1. Self-genotype effects

The “scan_neighbor()” also provides LOD scores for self QTL effects. This gives the same results as the Haley-Knott regression of standard QTL mapping.

plot_nei(colkas_scan, type="self")

colkas_scanone <- qtl::scanone(colkas_genoprob,
                            pheno.col=log(colkas$pheno$holes+1),
                            addcovar=as.matrix(colkas$pheno[,7:9]),
                            method="hk")
plot(colkas_scanone)

2. Composite interval mapping

The “addQTL” argument allows us to include non-focal QTLs as covariates. This option enables composite interval mapping (Jensen et al. 1993) that considers additional QTL effects. Here is an example code using the Col x Kas herbivory data, with the nga8 marker considered a covariate.

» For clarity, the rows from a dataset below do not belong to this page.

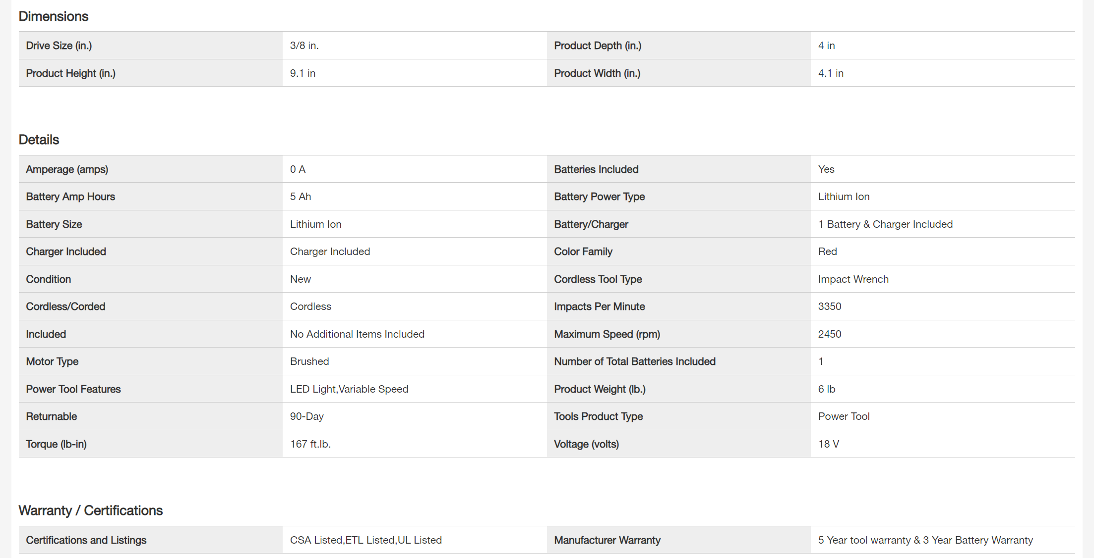 Milwaukee 2658-20-48-59-1850 M18 18V Lithium-Ion Cordless 3/8 in. Impact Wrench W/ Friction Ring W/ M18 Starter Kit (1) 5.0Ah Battery & Charger
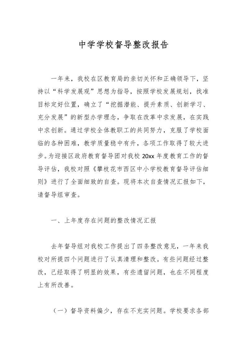 首页教师资料 经验汇报中学学校督导整改报告
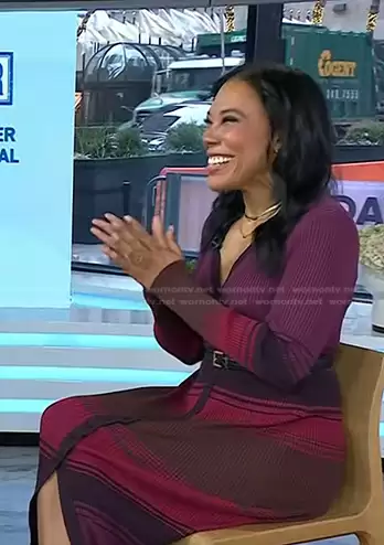 on Today on NBC was spotted wearing this red striped ribbed dress on Today on Jan 04 2024's episode. 's Dress is the Shoko Striped Cardigan Midi Dress by Staud.
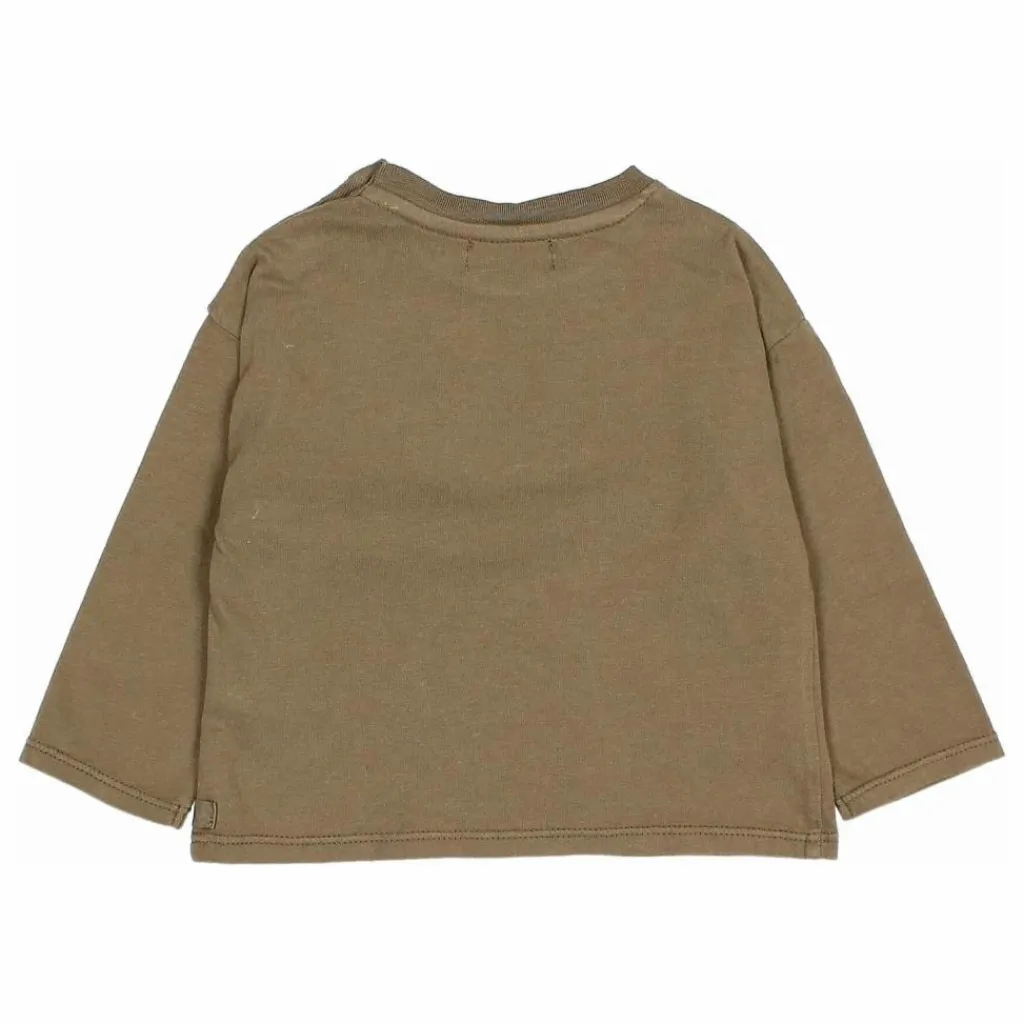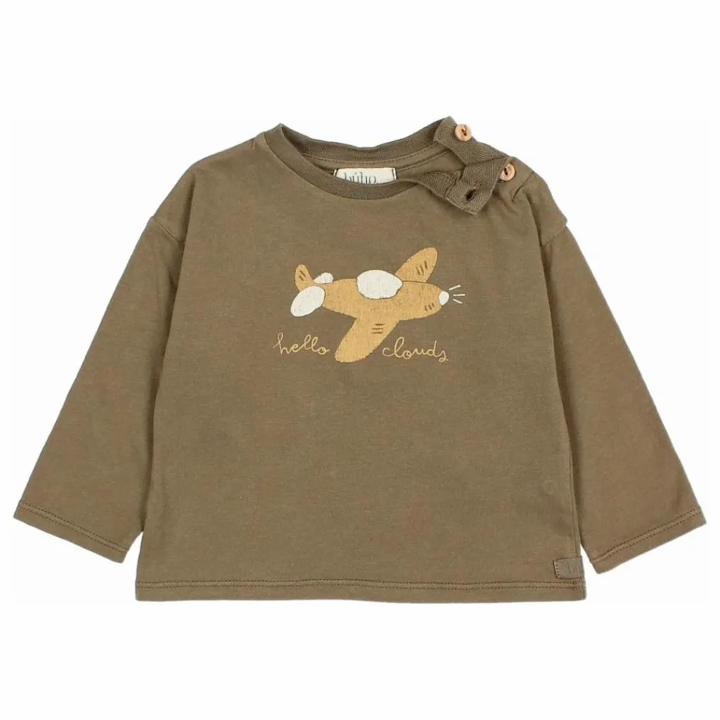 - T-shirt avec impression d’avion sur le devant. Manches longues. Col rond avec fermeture à l’épaule par un bouton en bois.

colkas_cim <- scan_neighbor(genoprobs=colkas_genoprob, 
                            pheno=log(colkas$pheno[,5]+1),
                            smap=smap_colkas, scale=7,
                            addcovar=as.matrix(colkas$pheno[,7:9]),
                            addQTL="c4_nga8"
                            )
plot_nei(colkas_cim)
3. Epistasis in neighbor QTL effects

For the analysis of epistasis, the “int_neighbor()” calculate LOD score of two-way interactions between a focal marker and the others. Here is an example code for the ‘nga8’ marker in the Col x Kas herbivory data.

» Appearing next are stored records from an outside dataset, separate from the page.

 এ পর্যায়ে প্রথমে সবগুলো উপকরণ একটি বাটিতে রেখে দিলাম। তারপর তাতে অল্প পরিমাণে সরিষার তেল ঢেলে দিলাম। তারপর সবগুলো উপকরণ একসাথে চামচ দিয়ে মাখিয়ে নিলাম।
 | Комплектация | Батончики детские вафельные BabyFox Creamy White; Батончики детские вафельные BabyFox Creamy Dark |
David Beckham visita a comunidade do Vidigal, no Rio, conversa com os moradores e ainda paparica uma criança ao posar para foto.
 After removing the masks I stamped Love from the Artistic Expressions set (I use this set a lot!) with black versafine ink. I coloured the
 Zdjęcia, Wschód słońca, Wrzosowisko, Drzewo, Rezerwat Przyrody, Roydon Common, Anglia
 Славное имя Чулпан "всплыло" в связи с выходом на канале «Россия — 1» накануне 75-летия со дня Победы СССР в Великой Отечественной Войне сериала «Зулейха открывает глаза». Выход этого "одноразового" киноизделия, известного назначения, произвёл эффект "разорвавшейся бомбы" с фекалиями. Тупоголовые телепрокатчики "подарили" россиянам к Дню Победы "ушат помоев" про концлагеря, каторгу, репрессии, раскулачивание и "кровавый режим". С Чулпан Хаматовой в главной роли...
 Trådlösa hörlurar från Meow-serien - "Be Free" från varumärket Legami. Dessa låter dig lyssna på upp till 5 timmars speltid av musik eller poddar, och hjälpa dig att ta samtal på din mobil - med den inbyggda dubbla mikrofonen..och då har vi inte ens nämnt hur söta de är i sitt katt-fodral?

colkas_int <- int_neighbor(genoprobs=colkas_genoprob, 
                           pheno=log(colkas$pheno[,5]+1), 
                           smap=smap_colkas, scale=7, 
                           addcovar=as.matrix(colkas$pheno[,7:9]), 
                           addQTL="c4_nga8", intQTL="c4_nga8"
                           )

plot_nei(colkas_int, type="int")
4. Binary traits

The “response” argument allows us to analyze “binary” phenotypes as well as “quantitative” traits. This argument calls logistic (mixed) models internally (Faraway 2016; Chen et al. 2016). The “calc_pve()” yields the ratio of phenotypic variation explained (RVE) by neighbor effects as RVEnei =\(\sigma^2_2/\sigma^2_1\) when “binary” traits are analyzed, because the logistic mixed model does not compute \(\sigma^2_e\) (Perdry & Dandine-Roulland 2020). Here is an example code for the analysis of the presence or absence of bolting in Col x Kas RILs.

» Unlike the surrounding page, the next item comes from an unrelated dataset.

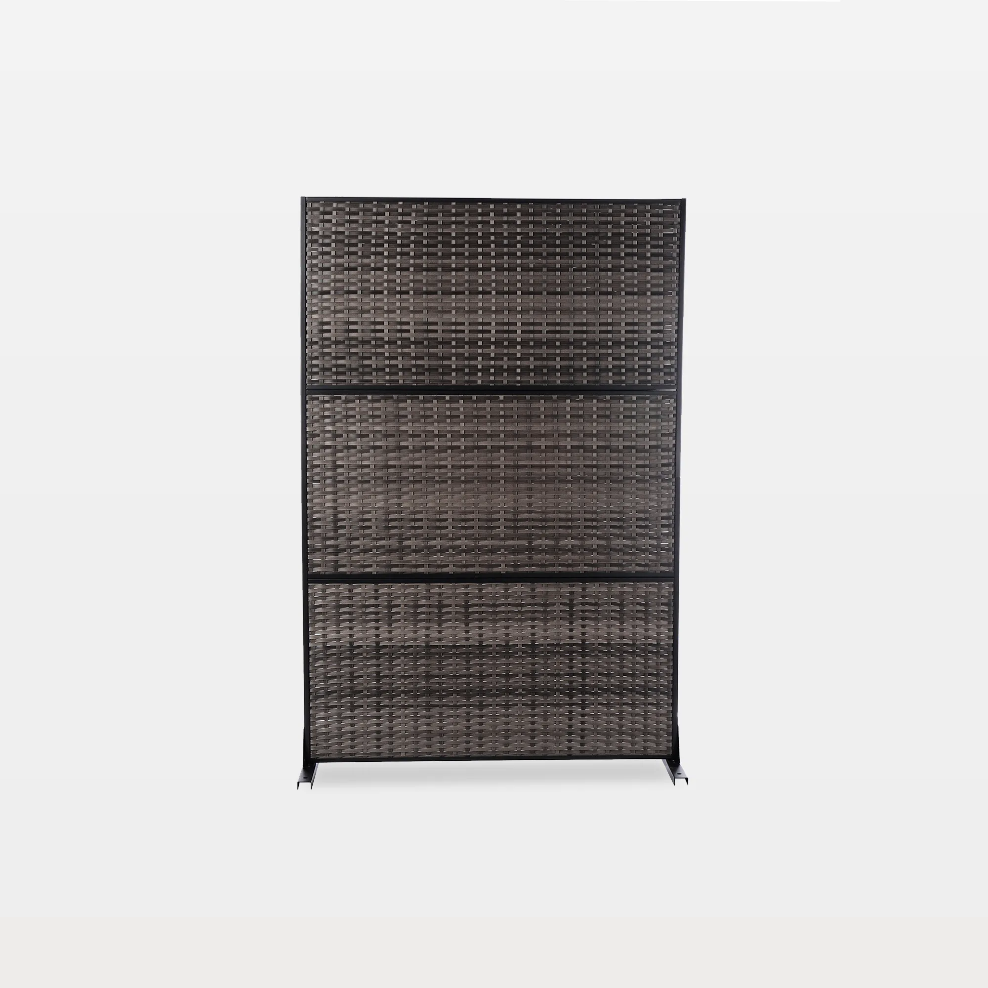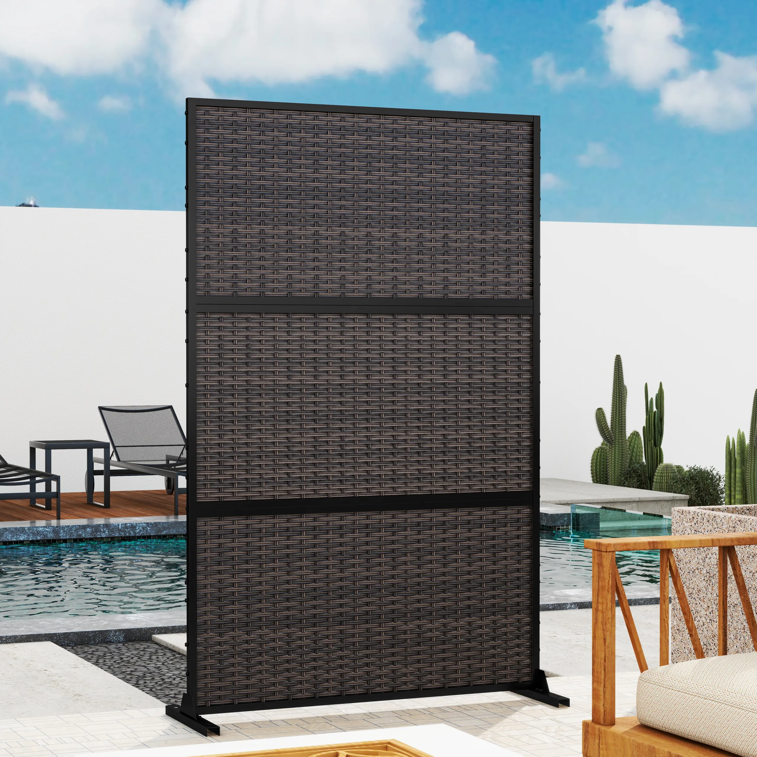 Add a little hush and a lot of texture to your outdoor seating with our Aldrae 6 ft H x 4 ft W Woven Polymer Outdoor Privacy Screen. Three tall panels feature a woven pattern, created with polymer strips in a wicker-style technique for a natural look without fragile fibers. A slim black metal frame and stabilizing feet help the screen stand straight along patios, balconies, and shared fence lines. You can lift off one or two panels to shorten the run when space is tight or you only need a smaller visual break. Weather-friendly polymer surfaces wipe clean with a cloth or hose, so your privacy wall stays neat from one season to the next.

s_seq <- quantile(dist(smap_colkas),c(0.1*(1:10)))
colkas_pveBin <- calc_pve(genoprobs=colkas_genoprob, 
                          pheno=colkas$pheno[,7],
                          smap=smap_colkas, s_seq=s_seq,
                          response="binary", addcovar=as.matrix(colkas$pheno[,8:9]), 
                          fig=TRUE)
#> scale = 2.236
#> scale = 3.162
#> scale = 4.243
#> scale = 5.099
#> scale = 6
#> scale = 7
#> scale = 7.81
#> scale = 8.602
#> scale = 10.05
#> scale = 15


colkas_scanBin <- scan_neighbor(genoprobs=colkas_genoprob, 
                                pheno=colkas$pheno[,7],
                                smap=smap_colkas, scale=2.24,
                                addcovar=as.matrix(colkas$pheno[,8:9]), 
                                response="binary")

plot_nei(colkas_scanBin)

5. Crossing design

The neighbor QTL package is able to handle AB heterozygotes. It also works even when there are only AA or AB genotypes. However, sex chromosomes are not supported currently, and should be excluded before the genome scan. This is a simulation using F2 or backcross lines implemented in the “R/qtl” package.

#F2 lines
set.seed(1234)
data("fake.f2",package="qtl")
fake_f2 <- subset(fake.f2, chr=1:19)
smap_f2 <- cbind(runif(qtl::nind(fake_f2),1,100),runif(qtl::nind(fake_f2),1,100))
genoprobs_f2 <- qtl::calc.genoprob(fake_f2,step=2)
s_seq <- quantile(dist(smap_f2),c(0.1*(1:10)))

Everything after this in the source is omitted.